Civil society is not a form of military organization. To command a person to do something they are not doing voluntarily (stand up, sit down, move out of the street, fold up that tent, etc.), the cop is forcing the person to do something they had not freely decided to do. It changes the social status of the person because it changes (by assumption) the form of organization in which the person is then placed. When a cop assumes a “commanding officer” status with respect to a person, he is not only assuming a power he is not given constitutionally, but he is placing the person commanded in a form of organization in which that individual had not enlisted, and is thus placed by the cop against his wishes. 

By this act, and by the change in social organization this assumes for the person, the cop deprives the individual of liberty without due process. The cop is there to stop felonies, not to change the form of social organization in which civilians live. 

The right to “due process” is a right established by the Constitution that allows individuals to resist and oppose being placed in a military form of organization while still in civil society because it allows individuals to resist the imposition of institutional power.
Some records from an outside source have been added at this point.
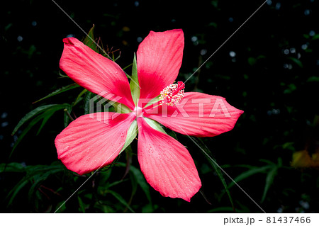 鮮やかな紅い大輪の花が咲くアオイ科の多年草モミジアオイ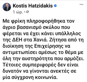 Για αυτή την ειδεχθή πράξη θέση πήρε ο κ. Χατζηδάκης γράφοντας: «Με φρίκη πληροφορήθηκα τον άγριο βασανισμό σκύλου που φέρεται να έχει κάνει υπάλληλος της ΔΕΗ στα Χανιά. Ζήτησα από τη διοίκηση της Επιχείρησης να αντιμετωπίσει αμέσως το θέμα με όλη την αυστηρότητα που αρμόζει. Τέτοιες συμπεριφορές δεν είναι δυνατόν να γίνονται ανεκτές σε μία σύγχρονη κοινωνία».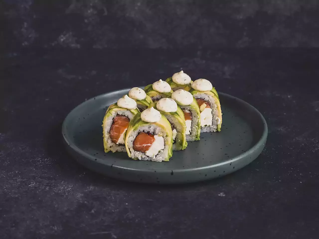 10 Makis rellenos de salmón, queso crema y ciboullete. envuelto en palta con dressing de albahaca.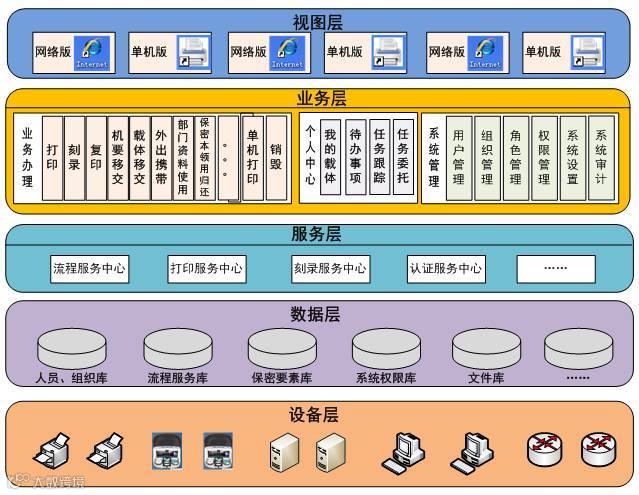 “打印刻录安全监控与审计系统”,旨在为国家保密安全单位、部门提供优质的服务和稳定易用、符合安全保密要求的业务系统,为保密业务开展保驾护航,充分发挥产品性能,把产品和技术优势转化为使用单位的业务优势,提升管理效能,落实国家对使用单位的保密要求。系统建设按照《武器装备科研生产单位保密资格标准》,参考《武器装备科研生产单位保密资格审查认证管理办法》,充分利用现有资源,坚持灵活高效、共享共用的原则,依托企业内部网络系统,以部门业务数据为基础,基于JavaEE技术架构,采用B/S模式,专注于流程管理和保密安全管理,以提升保密企业单位保密工作的科学性和规范性。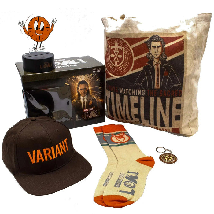 This exclusive box set includes a variety of TVA-themed items to enhance your Marvel collection. It features a stylish hat, a versatile tote bag, and cozy crew socks, all adorned with distinctive TVA designs. Complete the set with a keychain and an LED light, each designed to bring a touch of the TVA's unique charm into your daily life.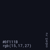 Цвет #0F111B в цветовой модели RGB обозначается тремя октетами (15, 17, 27) в десятичном формате и #0F111B в шестнадцатиричном (hex) формате, которые являются интенсивностью красного 15 (hex 0F), интенсивность зелёного 17 (hex 11) и интенсивность синего 27 (hex 1B).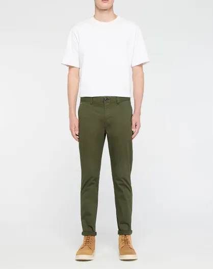 Pantalon Chino Super Slim Fit en Coton Bio mélangé Stretch kaki foncé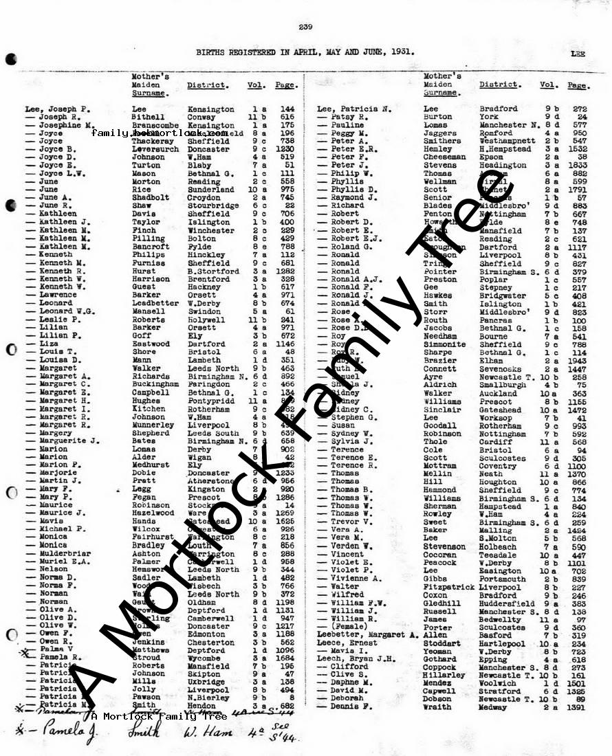 | Birth/Marriage/Death |

It is the imposition of power that is the deprivation of liberty. A "command," which constitutes a deprivation of liberty based upon the imposition of a military form of organization without due process, means that a cop’s insistence on obedience in a civil situation (which includes notification of an offense) is in violation of the Constitution. 

The military form of organization is inherently and imminently anti-democratic. Any pro-democratic stance or movement or desire must stand in opposition to the military form of organization for civil society. 

In short, in a democracy, a cop can only tell a person (not involved in a felony) what to do, but cannot follow it up with a threat of force without depriving the person of their liberty without due process, and without being destructive of the democracy that cop may think he is upholding.  

How could due process be facilitated in a fair and Constitutional manner?  

Suppose a cop sees a person living in a tent on public land at the border of an industrial and a residential area, and decides the tent violates a city ordinance. How would due process be facilitated in such a situation? 

1- The institutional agent (cop) would have to have in hand both a statement of the rule that he thought he was enforcing and the rationale for applying that rule to the particular situation. And the person would have the right to argue against the cop and for remaining where he was, in the presence of others. 

2- If there was a complainant (for instance, a store-owner in the vicinity of the homeless person’s tent), then that complainant could be substituted for the institutional agent in addressing the homeless person about his tent. 

3- In both cases, a neutral third party would have to be found, acceptable to both the homeless person and the institutional agent (or complainant), who could then hear both sides. The institutional agent (cop) could only play the role of neutral party is that were acceptable to both parties to a complaint. 

4- A dialogue would then ensue, presided over by the neutral third party, in which each side – complainant or cop on one side, and homeless person on the other – would then be able to offer reasons why the homeless person should or need not move his tent and belongings – subject to a decision made by the neutral third party.  

This process would bring democracy to the enforcement of laws and rules, to insure that no injustice is committed in the name of the law. It would bring about involvement of proximate communities in the problems that arise between neighborhood residents and the homeless. It would overcome some of the isolation and alienation that we all feel to some extent in being separated from each other by the law. 

In general, in all of its attacks and harassments against the homeless, the city of Berkeley has been in violation of the US Constitution because they have withheld due process.